From 1982 to 1984 Taylor missed a significant number of games, returning to his old form in 1984-85, scoring 41 goals and 92 points. Throughout the mid 80s to late 90s he would continue to score, but at a slightly less prolific rate, eclipsing 20+ goals four times. In 1991 Taylor was honoured with both the Clancy and Masterton Trophies and in 1992-93, after 16 seasons in NHL, he made his first Stanley Cup Finals appearance. The Kings would fall short to the Habs, with Taylor scoring three goals (two shorthanded) and eight points during the playoffs.

Taylor’s final season came in 1993-94, playing in 33 games before retiring. In 17 NHL seasons, all with Los Angeles, he played in 1111 games, scoring 431 goals and 1069 points. Taylor played in four all-star games (1981, 82, 86 and 94) and was Kings' captain from 1985 to 1990. At the time of his retirement Taylor was the franchise leader in games played (he now sits third), and is currently third in franchise goals and points.

Unsurprisingly, upon retiring Taylor became assistant general manager and director of player development with the Kings, being promoted to GM and vice-president of hockey operations in 1997, a position he held until 2006. He has since worked in senior front office positions with Dallas and mostly recently St. Louis, where in 2021 he became a senior advisor.

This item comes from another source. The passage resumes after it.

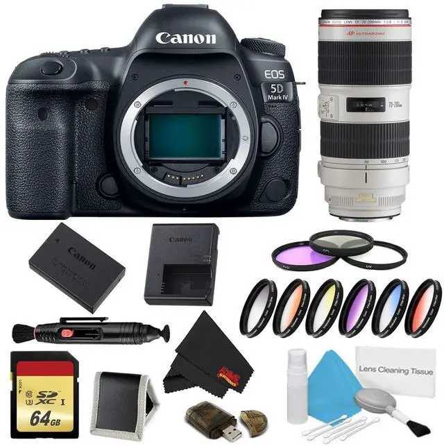 Bundle Items Include: Canon EOS 5D Mark IV DSLR Camera (Body Only) - International ModelCanon 70-200mm 2.8L USM IS II Lens - International ModelLP-E6N Lithium-Ion Battery Pack ( 7.2V, 1865mAh)LC-E6 Charger for LP-E6 Battery PackEyecup EgRF-3 Body Cap for Canon EOS CamerasIFC-150U II USB 3.1 Gen 1 Interface Cable for DSLRsCable ProtectorWide Neck StrapSoftware CD-ROM64GB UHS-I SDXC Memory Card (Class 10) 77mm Graduated Color Multicoated 6pcs Filter Set77mm 3 Piece Filter KitLens Pen Cleaner5 Piece Lens Cleaning KitUSB Card ReaderMemory Card WalletMicrofiber Cloth
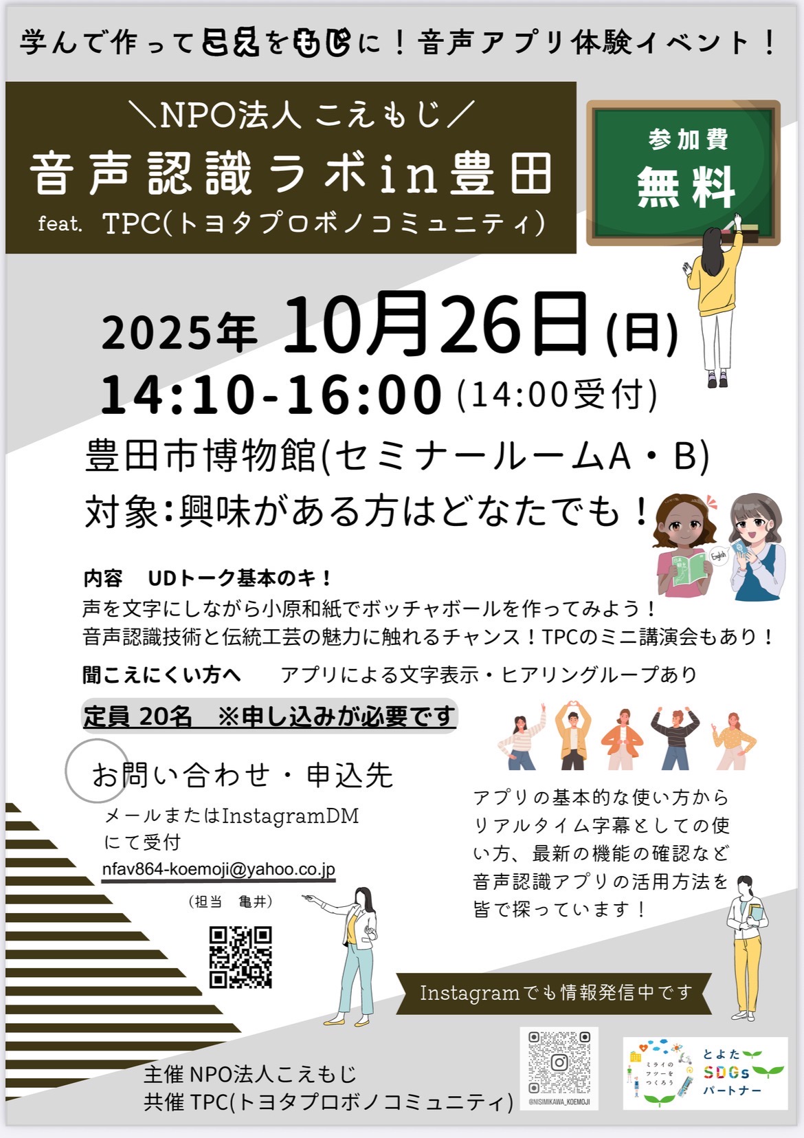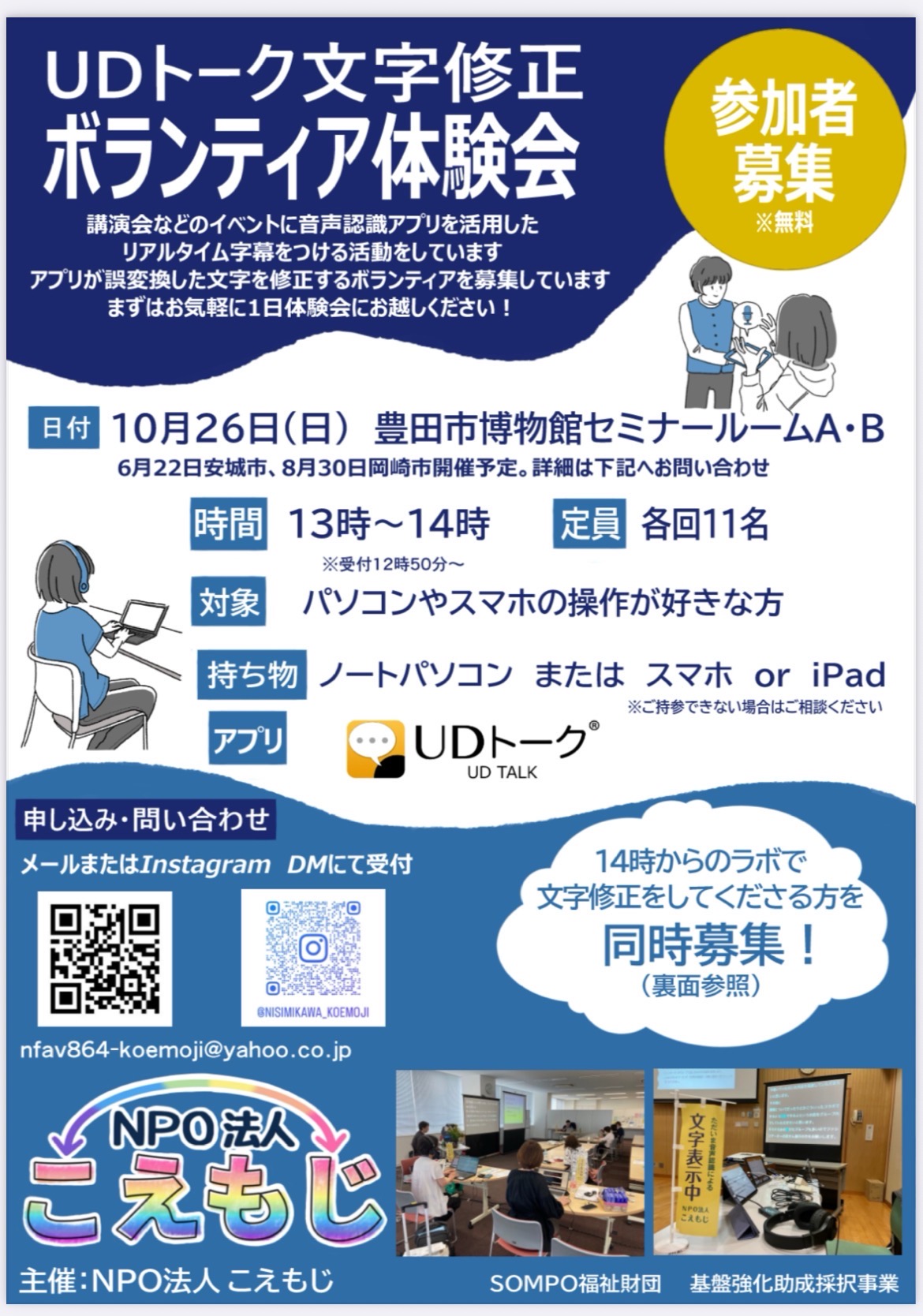 開催時間 | 14:10~16:00 ※13:00~14:00までは、 UDトーク文字修正体験を実施しています。 |

YouTube clip: knocking down future teammate Wayne Gretzky in a scrum during a Kings-Oilers game.

Card 271 - Dirk Graham

A winger, Graham was drafted 89th overall by Vancouver in 1979. He played four seasons with Regina in WHL, turning pro in 1979 with Dallas in the CHL. Throughout the early 80s Graham played in the IHL with the Toledo Goal Diggers (one of the best minor pro names ever) and Salt Lake City; with Toledo he recorded back-to-back 100+ point seasons, and scored 70 goals in 1982-83.

Following his 70 goal season, Graham signed as a free agent with Minnesota. Between 1983 and 1985 he played 42 games with the North Stars before making the team full-time in the 1985-86 at the age of 26. Graham scored 20+ goals in his first three full NHL seasons, but in this time was traded to Chicago for Curt Fraser. In his first full season in Chicago, Graham scored a career-high 33 goals and 78 points. Two seasons later, Graham would be recognized for his defensive prowess, winning the 1991 Selke Trophy. The following season the Blackhawks would make their first Stanley Cup Finals appearance in 19 seasons, dropping the Finals to Pittsburgh with Graham contributing seven goals and 12 points in 18 games. He would retire following the lockout shortened 1994-95 season.

In 12 NHL seasons Graham played 772 games, scoring 219 goals and 489 points. Best remembered as a defensive specialist, it's worth noting that he did score 20+ goals seven times in his career and ranks ninth all-time in NHL history with 35 career shorthanded goals.

After retiring Graham became an assistant coach with the Blackhawks, being elevated to interim head coach during the 1998-99 season after the firing of Lorne Molleken. After a two-year stint as head coach of Springfield in the AHL, Graham has been with the San Jose Sharks franchise since 2008, first as a pro scout, and since 2014 with the added role of development coach with the Sharks’ AHL affiliates.

YouTube clip: scoring his third goal of the game in Game 4 of the 1992 Stanley Cup Finals.